The language model included in the local agent is a language model capable of performing natural language dialogue tasks, but may be a relatively low-cost language model that has not been trained for any specific domain.

With this configuration, it becomes possible to acquire information from a plurality of LLMs specialized in various domains and to integrate such information and provide the integrated information to the user.

In the example mentioned above, for instance, it becomes possible to provide guidance on the meaning of the warning light and, at the same time, guide the user to a service location capable of resolving the issue, by integrating a response obtained from an LLM specialized in vehicle operation guidance and a response obtained from an LLM specialized in providing regional information.

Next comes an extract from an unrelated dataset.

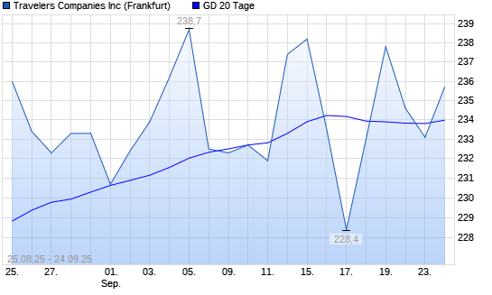 Mit dem Rücksetzer auf 233,10 EUR hat die Travelers Companies-Aktie am 23.09.2025 die 20-Tage-Linie nach unten gekreuzt.

The control unit may be configured to also acquire context information corresponding to the user and input the acquired context information to the one or more external agents to which the utterance is to be forwarded.

Examples of the context information corresponding to the user include attribute information of the user and information on the user's movement. The attribute information of the user may include, for example, the user's age, gender, and preferences. The information on the user's movement may include, for example, the destination or route information of a vehicle in which the user is riding (i.e., a vehicle in which the information processing device according to the present disclosure is mounted).

Hereinafter, specific embodiments of the present disclosure will be described with reference to the drawings. The hardware configurations, module configurations, functional configurations, etc. described in the embodiments are not intended to limit the technical scope of the disclosure to only those examples, unless otherwise specified.

First Embodiment

System Overview

An overview of a dialogue system according to a first embodiment will be described. The dialogue system according to the present embodiment includes an in-vehicle device 10 mounted in a vehicle. The in-vehicle device 10 can access, via a network (e.g., a mobile communication network), an agent (external agent) that provides a dialogue service in natural language.

The in-vehicle device 10 is mounted in a connected vehicle capable of communicating with any desired device via wireless communication. The in-vehicle device 10 may include a data communication module (DCM) for connecting components of the vehicle (e.g., an electronic control unit (ECU) and an in-vehicle terminal) to a network. In the present embodiment, the in-vehicle device 10 can access the Internet via a predetermined mobile communication network and connect to agents etc. that provide dialogue services.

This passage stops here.